Dataset extract —
================

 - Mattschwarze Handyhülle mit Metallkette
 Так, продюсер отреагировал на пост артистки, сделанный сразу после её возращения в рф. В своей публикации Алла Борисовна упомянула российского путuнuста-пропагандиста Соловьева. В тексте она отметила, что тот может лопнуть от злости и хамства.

================

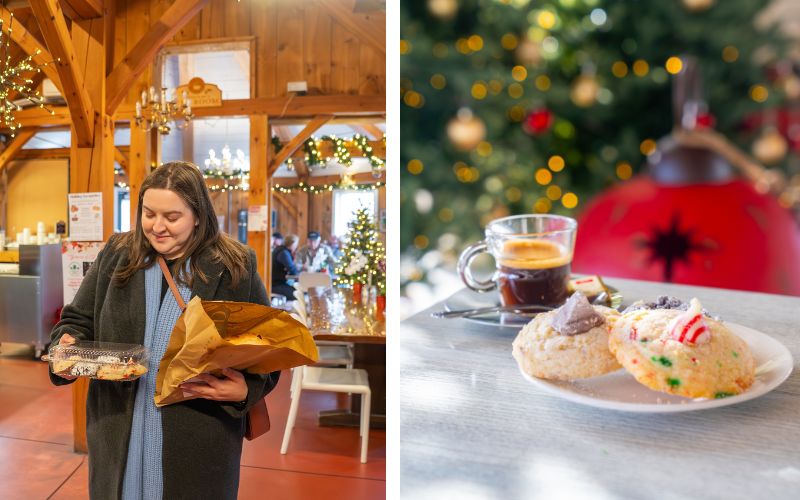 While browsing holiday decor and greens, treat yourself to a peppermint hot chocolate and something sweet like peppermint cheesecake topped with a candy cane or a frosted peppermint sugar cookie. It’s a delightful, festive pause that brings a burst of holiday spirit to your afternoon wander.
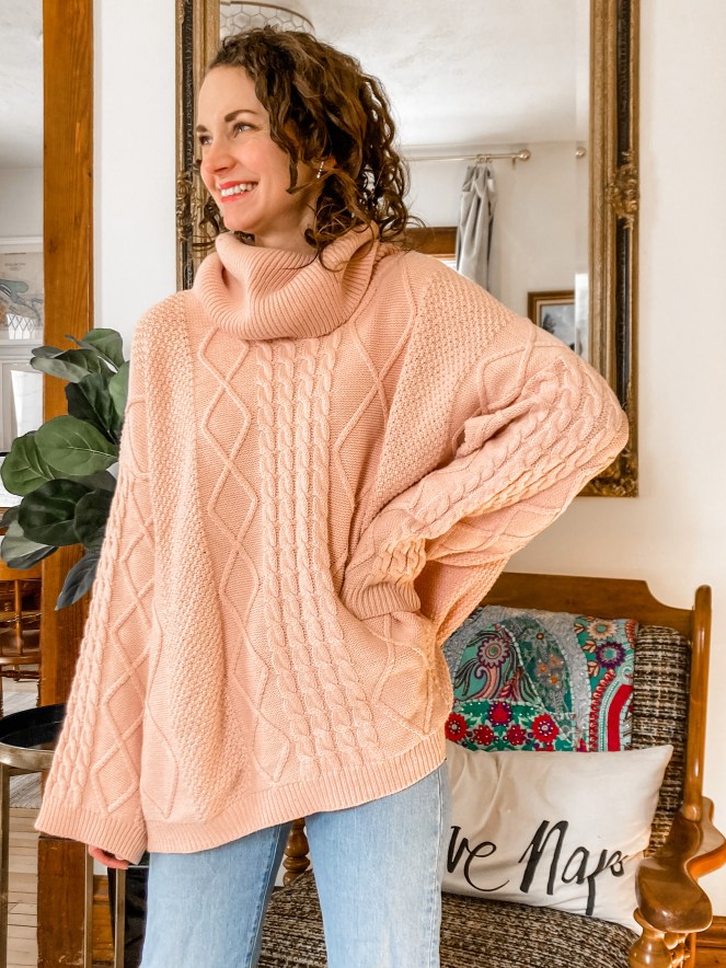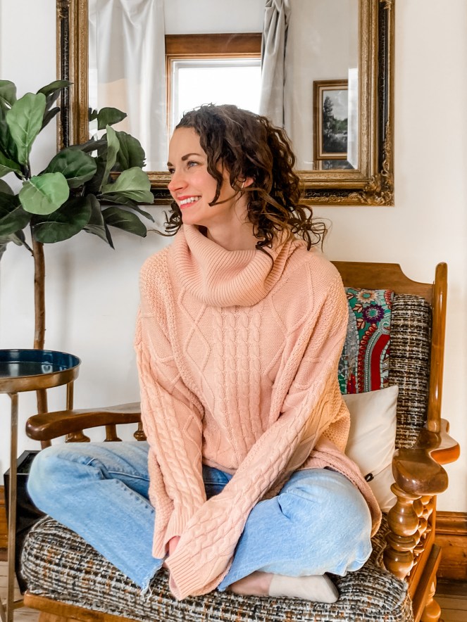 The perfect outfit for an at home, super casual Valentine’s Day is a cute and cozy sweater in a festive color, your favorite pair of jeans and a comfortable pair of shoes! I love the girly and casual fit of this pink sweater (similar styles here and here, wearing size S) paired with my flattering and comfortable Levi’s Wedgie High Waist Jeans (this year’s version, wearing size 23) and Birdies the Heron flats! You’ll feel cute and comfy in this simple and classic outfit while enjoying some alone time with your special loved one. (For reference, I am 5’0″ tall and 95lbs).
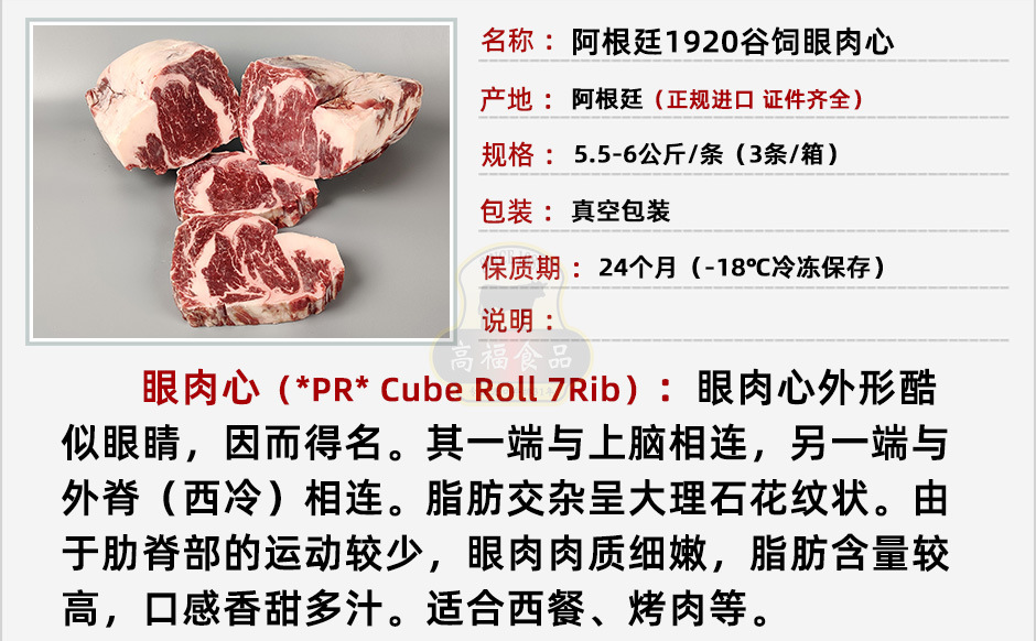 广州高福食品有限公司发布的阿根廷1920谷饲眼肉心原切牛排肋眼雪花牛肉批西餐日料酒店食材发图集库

================

Required work —
Return only the stretch of the material above from the line holding "- Mattschwarze Handyhülle mit Metallkette" through the line holding "Так, продюсер отреагировал", copied exactly.

Written solution —
 - Mattschwarze Handyhülle mit Metallkette
 Так, продюсер отреагировал на пост артистки, сделанный сразу после её возращения в рф. В своей публикации Алла Борисовна упомянула российского путuнuста-пропагандиста Соловьева. В тексте она отметила, что тот может лопнуть от злости и хамства.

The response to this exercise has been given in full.